I consciously resist the urge to leap across the room and strangle him.
“Once we have different clothes,” I continue, “we’ll follow the river. If we’re caught, we lie. Hopefully we can walk straight into France. That’s my plan.”
“It’s flawless,” he says dryly.
“Thanks.”
“One problem.”
“Just one?”
“You can’t walk that far.”
“Once I have shoes and I’m out of this dress, I can,” I argue.
He’s not buying it. He points to the wall behind him. “Walk from here to the bedroom and back again. No help.”
I stand, rising to the challenge.
It’s hard. I almost fall over. My head pounds so hard my vision vibrates. I take small steps until I’m standing next to him, my back to the window. With a slow, deep breath I move forward. I make it halfway across the room before my world tips sharply. I’m in the bedroom touching the back wall when the urge to vomit hits. I’m almost to the hall again. I’m just crossing the threshold.
I’m on my knees on the floor, gasping for breath. Begging the world to stop spinning.

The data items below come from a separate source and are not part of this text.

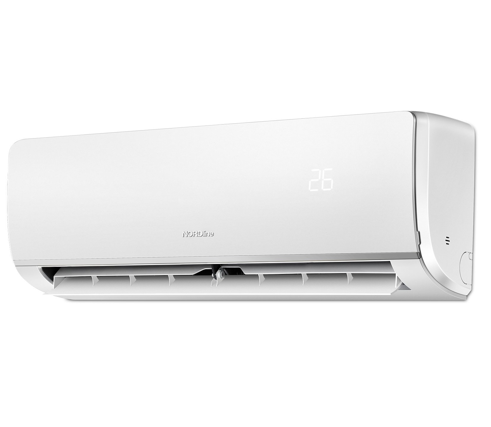 Klimatizace NORDline z naší nabídky se skládají z tiché vnitřní jednotky s výparníkem, ventilátorem a řídicí elektroniky a z venkovní jednotky s kompresorem, kondenzátorem a ventilátorem. Samozřejmostí je i dálkové ovládání.
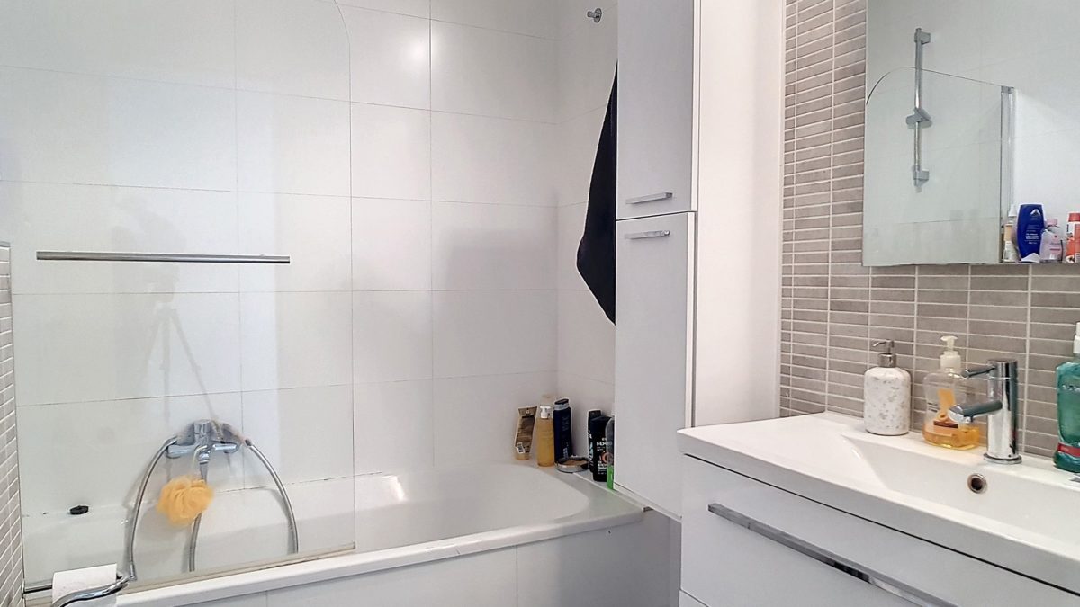 Salle de bains récente (6 ans) (meuble lavabo, baignoire/douche et toilette).
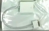 | Apple Digital AV Adapter | ![]() | Released with iPad 2 and mirrors video output. This adapter allows the user to mirror anything on the iPad's (iPad 2 or later) screen to a HDTV or any other HDMI-compatible display, in up to 1080p, so that whatever the iPad's user does is viewable to the audience watching on the larger HDMI-compatible display. The Apple Digital AV Adapter connects to the iPad 2 or later or iPad 2 Dock via the 30-pin dock connector, whilst the other end has two connections; one is a 30-pin dock connector to charge/power the device whilst being used, the other is a HDMI-out for connecting to any HDMI-compatible display using an HDMI cable. | iPad (1st generation) | [5][8] |
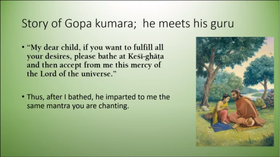 So then Gopakumar begins to tell his own story of how he realized Krishna, and he tells this story to the brahmana. So, Gopakumar was a cowherd in Vrindavan on earth. And one day he saw this saintly person there. So, this person told him to bathe in the Keshi ghat and then get the mercy of Krishna. So that Guru then gave him the same mantra that the brahmana was chanting, the Madana Gopala mantra. Later on, the Lord explains, actually I became the Guru [Laughs]. The Lord himself became the guru and gave the mantra [Laughs].
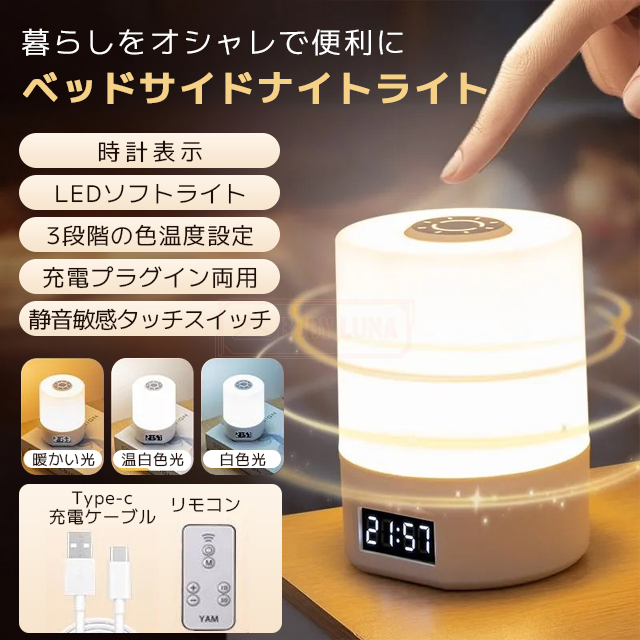 ■最安挑戦 冬新作 送料無料 新作 ベッドサイドナイトライト LED 目覚まし時計 3段階調光 3色切替 寝室 USB充電式 省エネ 小型 ベッドサイ

I hear Bastian’s feet on the floor. Even his footsteps are smug. He crouches in front of me, touching my arm to help me stand.
“You can’t walk that far,” he repeats firmly but not without pity.
He’s not being cruel. He’s being honest.
“I don’t want to stay here,” I complain.
“Neither do I but we aren’t leaving today.”
“You could.”
“Not without you.”
My eyes sting sharply. “Don’t be noble. You need to get out of here.”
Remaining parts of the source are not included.